▼
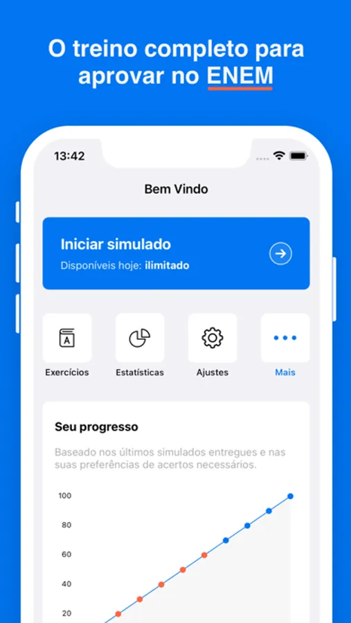 O Simulados ENEM coloca você no ritmo da prova, com questões oficiais, simulados cronometrados e estatísticas detalhadas para focar no que realmente importa.
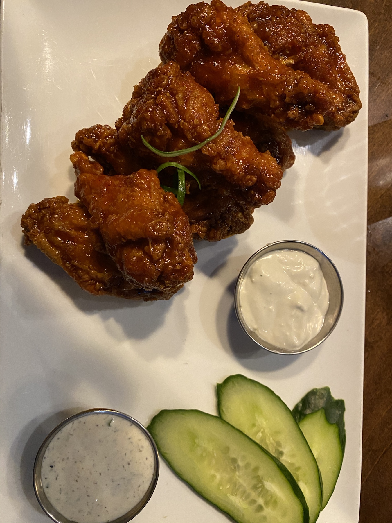 Not looking for a full meal I ordered the wings, guys, order the damm wings! The GOCHU I.P.A. Wings are fried crisp and coated with a savory,sweet & spicy fermented gochujang pepper sauce, this leaves the meat tender, full of flavor and a sticky crunch that makes you lick your fingers. My vegan friends, there is also an option for the cauliflower, order it, no they aren’t “chicken” because I don’t believe in acting like a vegetable is meat, but they are just as delicious, I stole a few off of another plate just for you 😘
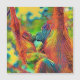 Colorful graphic portrait of an orang utan mom kissing her baby
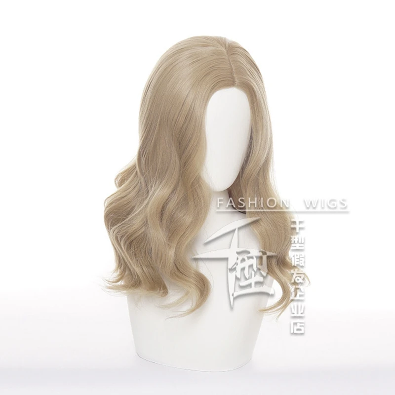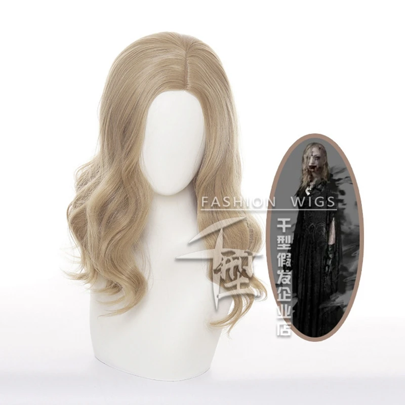 Парик Bela Lady Dimitrescu, 45 см, коричневый, желтый, средней длины, вьющиеся волосы, для Хэллоуина, карнавала, вечеринки, женские длинные парики
▲
Everything from the line containing "Colorful graphic portrait" through the final line of the material must be set down exactly, except the pictures.

▶ YOUR RESPONSE:
 Colorful graphic portrait of an orang utan mom kissing her baby
 Парик Bela Lady Dimitrescu, 45 см, коричневый, желтый, средней длины, вьющиеся волосы, для Хэллоуина, карнавала, вечеринки, женские длинные парики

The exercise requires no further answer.